Class-action lawyers have named both V&E and Kirkland & Ellis as
defendants in the Enron case and are considering adding A&K and perhaps
other firms to the list. But to squeeze any money out of corporate attorneys,
tort lawyers are going to have to clear unusually high hurdles. In 1994, the
U.S. Supreme Court held that outside professionals cannot be held accountable
for "aiding and abetting" executives who commit fraud. Instead, they
can be attacked only if they're deemed to be primary wrongdoers--a tough
standard.
A bigger threat to Enron's attorneys is likely to be malpractice suits. The
bankruptcy trustee, acting on behalf of the corporation, has the power to sue
V&E and A&K for failing to steer the energy giant away from its
disastrous deals. Bankruptcy Examiner Batson may have laid the groundwork in his
interim report in October when he wrote that several of the SPE transactions
"appear to be, from both an economic and risk-allocation standpoint, a loan
rather than a sale of an asset." But a malpractice suit, given all the
complexities, wouldn't be a slam dunk. The Enron bankruptcy "far exceeds
any other case in history in professional fees," says a lawyer involved
with the matter. "Someone is going to have to analyze whether it will be
worth it to sue [the attorneys]."
All of this leaves a bit of a regulatory vacuum. That's one reason Congress gave
lawyers new whistleblower responsibilities in the Sarbanes-Oxley law--which is
now being fleshed out and implemented by the SEC. The act requires attorneys who
come across evidence of misconduct by a public company to report it "up the
ladder" to top management, such as the general counsel or CEO. If there's
no response, the lawyer must alert the board.

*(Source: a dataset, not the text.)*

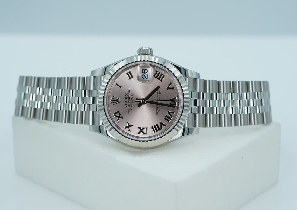 A Brand New in Box & Very Beautiful 2025 31mm Rolex 278274 Datejust Stainless Steel with 18K White Gold Fluted Bezel & Pink Roman Numerals Dial. Its on Jubilee Bracelet. Purchased from Rolex Authorized Dealer in 12.2025.

Sounds good in theory. But the Enron tale shows how unworkable it might prove in
practice. Some Enron attorneys did speak up, but their worries were almost
always dismissed. In September, 2000, in-houser Stuart R. Zisman wrote a memo in
which he warned that one of the SPE deals ran a high risk of being seen as
balance-sheet manipulation. Close review of the transaction, Zisman wrote,
"might lead one to believe that the financial books at Enron are being
manipulated in order to eliminate the drag on earnings that would otherwise
occur."
When he showed it to his supervisor, Mark E. Haedicke, he was told that "he
had used unnecessary inflammatory language and editorialized too much in the
memo," according to a summary of the interview Zisman gave the special
investigative committee. Haedicke declined to respond to BusinessWeek's
request for comment. At this point, the new law would have compelled Zisman to
take the matter to general counsel James Derrick or CEO Kenneth L. Lay. But it
is difficult to imagine that many attorneys, after being shut down by their
boss, would then bring their complaints to the top brass. And even if Zisman had
done so, would anything have been different? Probably not, considering all of
the other warning signs Enron's executive suite overlooked.
The SEC is considering dealing with this problem by requiring lawyers who can't
get the board to take them seriously to contact the agency itself. But the
American Bar Assn. and other professional organizations are fighting this
provision tooth and nail. They argue that it will make clients less likely to
trust their lawyers. Perhaps so. But given what happened at Enron, that may be a
fair price to pay for restoring the public's faith in the profession.